**Work request:**
From the line containing "Courbet: Férfi arckép." to the last line of the records, please reproduce every line exactly and nothing more.
= = = =
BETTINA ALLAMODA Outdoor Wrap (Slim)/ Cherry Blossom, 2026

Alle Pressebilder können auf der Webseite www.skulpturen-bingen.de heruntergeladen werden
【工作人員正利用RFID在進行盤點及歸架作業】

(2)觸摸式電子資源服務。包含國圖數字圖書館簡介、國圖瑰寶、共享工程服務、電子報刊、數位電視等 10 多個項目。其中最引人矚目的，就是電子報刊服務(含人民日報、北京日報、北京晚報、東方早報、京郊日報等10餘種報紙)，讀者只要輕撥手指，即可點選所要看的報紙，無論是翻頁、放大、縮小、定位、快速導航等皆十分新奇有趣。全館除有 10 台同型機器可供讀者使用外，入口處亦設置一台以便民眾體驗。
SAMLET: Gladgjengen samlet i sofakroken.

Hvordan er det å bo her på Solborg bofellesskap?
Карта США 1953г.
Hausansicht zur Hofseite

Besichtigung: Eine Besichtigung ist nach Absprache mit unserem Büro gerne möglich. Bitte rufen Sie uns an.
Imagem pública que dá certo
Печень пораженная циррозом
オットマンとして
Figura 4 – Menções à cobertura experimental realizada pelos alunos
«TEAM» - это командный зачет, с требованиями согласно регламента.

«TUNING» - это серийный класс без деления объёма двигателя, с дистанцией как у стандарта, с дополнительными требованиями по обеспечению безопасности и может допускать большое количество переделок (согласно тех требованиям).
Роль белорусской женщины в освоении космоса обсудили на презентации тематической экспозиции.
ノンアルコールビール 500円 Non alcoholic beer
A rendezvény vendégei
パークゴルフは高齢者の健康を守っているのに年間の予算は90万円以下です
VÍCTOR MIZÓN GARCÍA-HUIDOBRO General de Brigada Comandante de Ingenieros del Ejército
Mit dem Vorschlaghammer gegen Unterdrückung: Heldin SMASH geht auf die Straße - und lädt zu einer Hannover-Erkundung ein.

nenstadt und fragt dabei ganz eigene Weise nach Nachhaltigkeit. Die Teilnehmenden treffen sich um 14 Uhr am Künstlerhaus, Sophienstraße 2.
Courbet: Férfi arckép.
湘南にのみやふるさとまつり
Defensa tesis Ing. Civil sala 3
= = = =
**Response:**
Courbet: Férfi arckép.
湘南にのみやふるさとまつり
Defensa tesis Ing. Civil sala 3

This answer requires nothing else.